Personally, I don't believe art directly reveals anything of particular use about "great truth". In fact, it is rather a celebration and deliberate exploration of empirical experience. The works you list above are, most importantly, about the emotions and minds of the artists. Ulysses is about Joyce, The Mona Lisa is about Da Vinci, and the 9th is about Beethoven. Each is a particularly outstanding and successful effort on the part of the artist to communicate his own perception of things.
...don't you find that your emotions are highly unreliable in getting to the truth?
Because I think art is the attempt to express empircal, idiosynchratic, subjective experience articulately I see it as an extremely important stage in any person's development. It is a deliberate attempt to overcome the differences in perspective and experience we percieve to exist between ourselves and others. I believe that most artists are shooting for the goal of directly inducing other people to have the same emotional experience of things that they have had, as a way of bridging the gap between themselves and others.

I agree with Kerrie in viewing your desire to get to the truth, as an essentially emotional urge. The concept of discovering truths about the world around you is really only important to you because it stirs you up emotionally, and motivates you, as Kerrie says, to go looking for those truths.

At this point you are much more interested in larger truths, ones that exist outside of any given individuals limitd view and circumstances, ones which are circumambient, rather than what are the idiosynchratic misperceptions that emotions can cause.

Kerrie says:
i make many different things that are as unique and beautiful as i can make them...
which points out one of the benefits to the artist of the artistic process, which is undertaking the discipline required to make things come out such that they are about what the artist intends then to be about, and not something else.

In order to capture a personal perspective the artist is required to a large extent to step outside it, examine it more objectively and make decisions about how to express it.

Then there is the command of the medium to master. You can't make a clay pot without learning something about clay, things you never realized, and a great deal of behind the scenes discipline is acquired by the demands of the clay to let go of your preconceptions and handle it on its own terms.

In this way, on a small scale, the quest to express one's individual experience leads to the experience of greater, extra-individual truths.
 
  • #11
What better way to reveal our dreams, to realize our feelings or to stimulate inner passion but through art? Recall the painting your imagination resonates with, an old song that brings tears of memories to surface, or the craziness of Ulysses shifting from prudish dactylic pentameter to rude Anglo-Saxon barking! The component of communication, the sensory stimulation, and the creative source which makes our life bearable, even beautiful, they are all art.
 
  • #12
Art is personal. The reason that certain artists are "better" than other artists, is that more people are personally affected by the "good artists" than the "hacks."

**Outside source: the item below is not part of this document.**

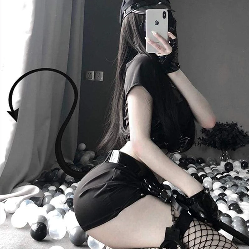 Including: top + skirt + hat + glasses + gloves + net stockings + belt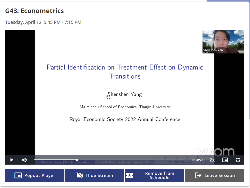 天津大学马寅初经济学院助理教授杨珅珅在 “G43: Econometrics”分会场报告了其工作论文“Partial Identification on Treatment Effect on Dynamic Transitions”。该工作论文提出了在动态转化过程中处理效应的部分识别方法。在动态环境下,即使进行实验随机性假设,动态选择问题仍然会造成内生性并且阻碍模型识别。该研究针对于动态内生性,对文献中已有方法进行了改进,利用了数据中容易被忽略的信息,在首期实验随机性假设下,得出了未来每期的处理组幸存者平均处理效应的最窄解析区间。同时,论文提出在随机假设不满足的情况下,通过对于当期转换率和反事实历史转换状态的一定假设,仍可以得出解析解。该方法应用于美国儿童和青年纵向调查数据,对本科毕业生毕业后10年内每年的教育回报率进行了部分识别和回归,发现十年间教育回报率区间下限保持平稳,上限在总体平稳趋势下缓慢下降。该平稳结果提供了部分证据,证明人力资源积累为正向教育回报的主要原因,信号效应起到的作用较小。

I never got much of a kick from poetry, nor from paintings or sculpture or other "physical" art forms, but there are few things that I can do that make me feel better than playing a difficult piece by Bach on the Piano. I am no closer to understanding anything other than the fact that I am experiencing a thrill in being alive. I assume that other people feel similar when experiencing other "arts."

If you experience absolutely no such thrill in any form of "art," then probably any logical argument will fail to convince you of its worth. But if that's true, I really would feel sorry for you more than anything else.
 
  • #13
zoobyshoe said:
I agree with Kerrie in viewing your desire to get to the truth, as an essentially emotional urge. The concept of discovering truths about the world around you is really only important to you because it stirs you up emotionally, and motivates you, as Kerrie says, to go looking for those truths.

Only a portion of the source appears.